Veteran’s Day is coming up and I can’t help thinking about a poem called “Ode of Remembrance” by Laurence Binyon.   It reads (in part)

They went with songs to the battle, they were young.
Straight of limb, true of eye, steady and aglow.
They were staunch to the end against odds uncounted,
They fell with their faces to the foe.

They shall grow not old, as we that are left grow old:
Age shall not weary them, nor the years condemn.
At the going down of the sun and in the morning,
We will remember them.

Those verses and this holiday were to memorialize the veterans of the first World War, the war that was supposed to end all the others.  Well, we know what happened after that.  Despite the enormous cost, wars continued to flourish, large and small, and although no one publicly prefers sending soldiers into battle, the soldiers keep being sent.  Taylor Caldwell explores the reasons and pressures that lead in to war in her book, The Balance Wheel.   It’s an old-fashioned novel in many ways but some of its themes are contemporary.

As the balance wheel among four adult brothers, Charles Wittmann is a very busy man.  Most of his time and energy are consumed either managing the tool factory his father created or his siblings, the materialistic Joe, Wilhelm, the aesthete and Fred, a rabble-rousing, proto-Marxist.   What extra time Charles has is devoted to his teen-aged son, Jimmy. When a government representative visits and talks of imminent global conflict, Charles has to broaden his concerns  to protect his family, his business and his town.  

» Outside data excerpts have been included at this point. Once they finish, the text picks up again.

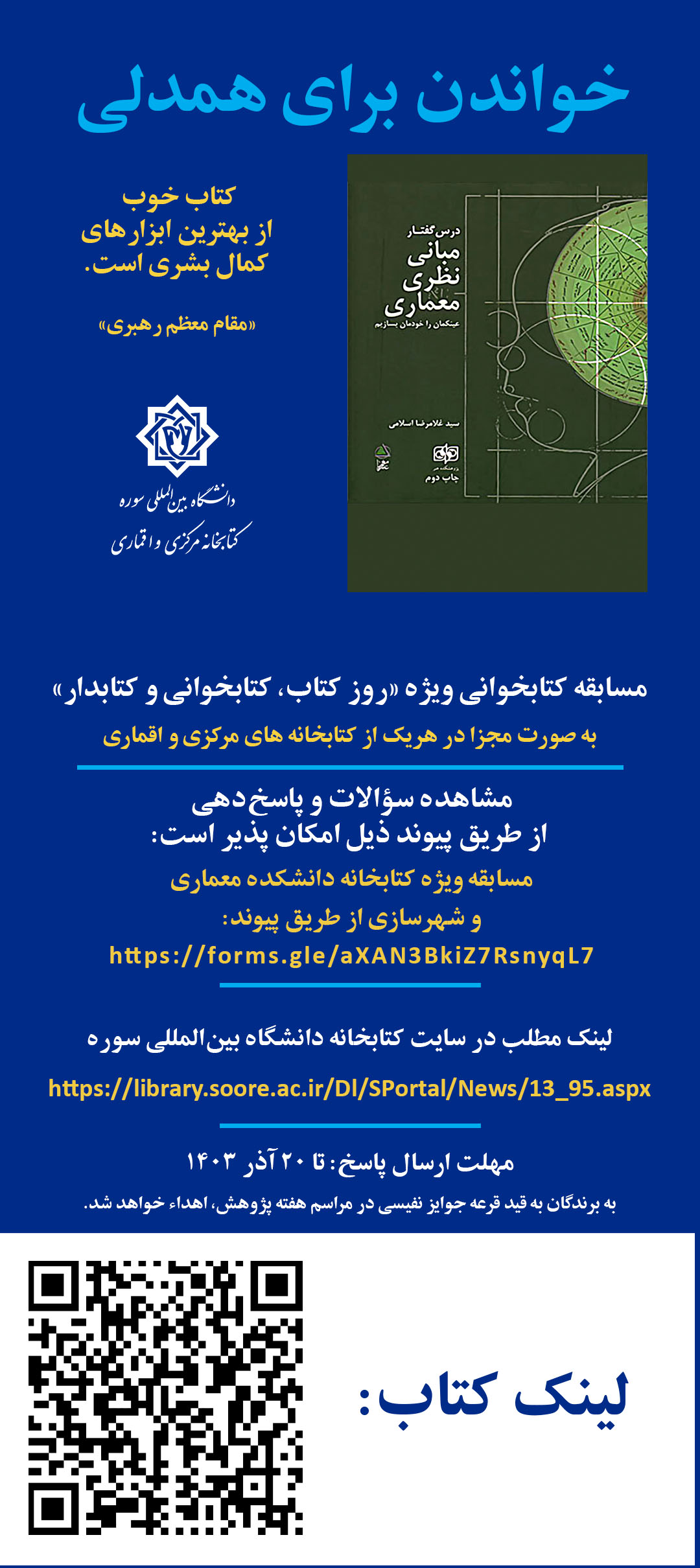 مسابقه ويژه كتابخانه دانشكده معماري و شهرسازي از طريق پيوند: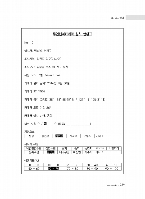 Ⅱ. 조사결과 www.nie.re.kr ? 239 무인센서카메라 설치 현황표 No 9 설치자박희복, 이상규 조사지역강원도 양구 21사단 조사구간감우골 코스 = 신규 설치 사용 GPS 모델Garmin 64s 카메라 설치 날짜2016년 8월 30일 카메라 IDYG09 카메라 위치 GPS 38° 15’ 58.95N 127° 51’ 36.31E 카메라 고도 m 864 카메라 설치 방향동향 미끼 사용 유 무유 종류__________________ 지형요소 산정 능선부 사면부 계곡부 구릉지 기타 서식지 유형 낙엽활엽수림 침엽수림 초지 습지 농경지 주거지역 너덜지대 상록수림 혼합림 대나무림 하천변 저수지 기타 식생피도 % 0 10 10 20 20 30 30 40 40 50 50 60 60 70 70 80 80 90 90...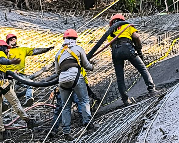 Como parte de la protección de los taludes, se realiza la fundición del muro de contención, con concreto de alta resistencia. Estos trabajos son realizado mediante la Unidad Ejecutora de Conservación Vial (Covial), la cual ha trabajado para habilitar el paso en el kilómetro 11.5 de la ruta RD-GUA-01-01, que conecta la Avenida Hincapié, en la zona 13 capitalina, con Boca del Monte, Villa Canales.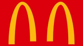 そんなマクドナルドのマークだが、あまりにも衝撃的な展開があった。おそらく史上初、歴史上初、世界初、マクドナルドが公式に「マクドナルドのマークを半分に割る」という衝撃的な展開を実行したのである。
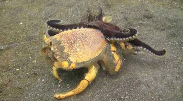 #宠物# 螃蟹被章鱼缠上,三两下被掏空,果然八只手的生物不好惹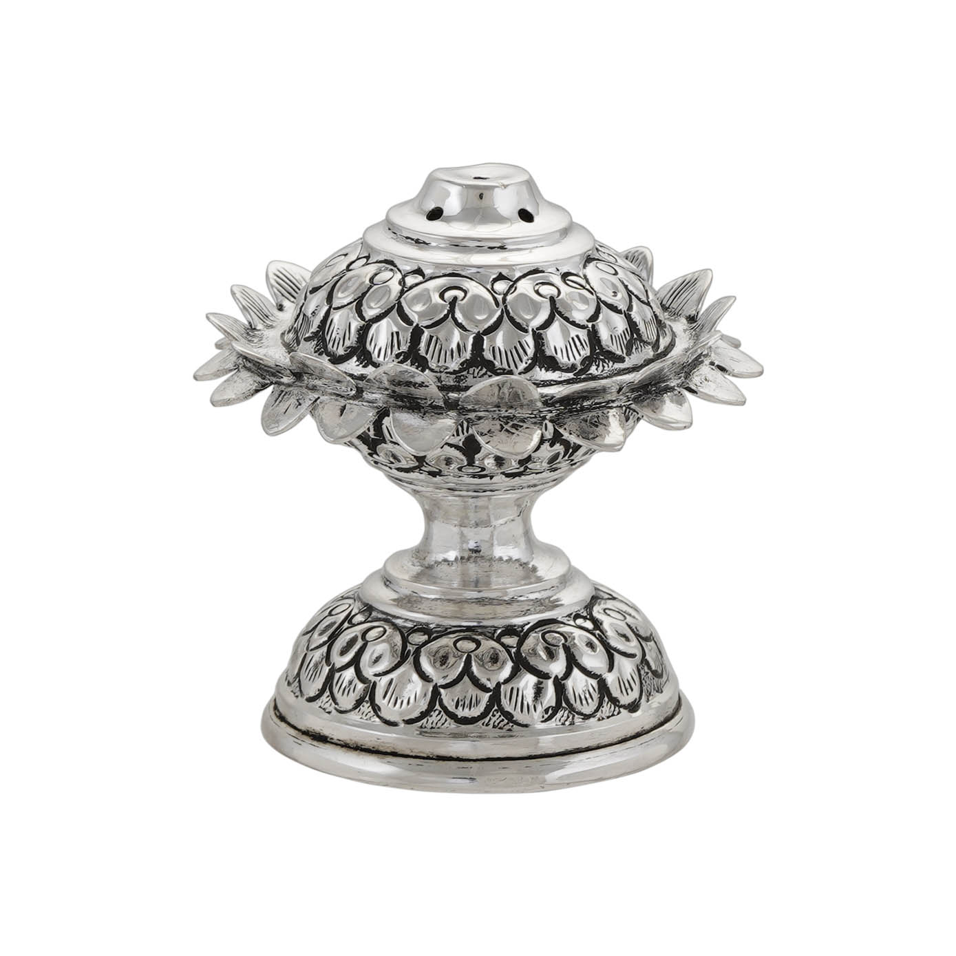 An unique antique agarbathi stand with beautiful florets surrounding the central dome with holes to hold the incense sticks headed on the carved floral padham with antique finish.

After that, Charles Wittmann caries the burden of Cassandra, able to see his country’s future but unable to change it.  The reader watches the approach of war through his eyes, knowing his efforts for peace will be swept aside in the end as his family gets swept into history

The novel suggests that families and communities are microcosms of the nations they occupy and that war occurs when intelligent, well-meaning governments and leaders don’t actively work (like Charles) to keep peace or resist evil.  That may or may not be true.  What cannot be disputed is that when governments fail in these tasks, it is the citizens who pay.   Treaties can be negotiated or border-lines redrawn, but no agreement can revive sacrificed soldiers.  No general can bring back the dead.

The only ways to honor their sacrifice are to remember the dead and work to keep others from joining their ranks.   (Or, to quote Mother Jones, “Pray for the dead and fight like hell for the living.”)   The Balance Wheel tries to do both.   It’s not a soldier’s novel like A Farewell to Arms  or All Quiet on the Western Front although the soldiers are in it.  It’s about how everyone loses in wars. It’s one way to remember the Armistice.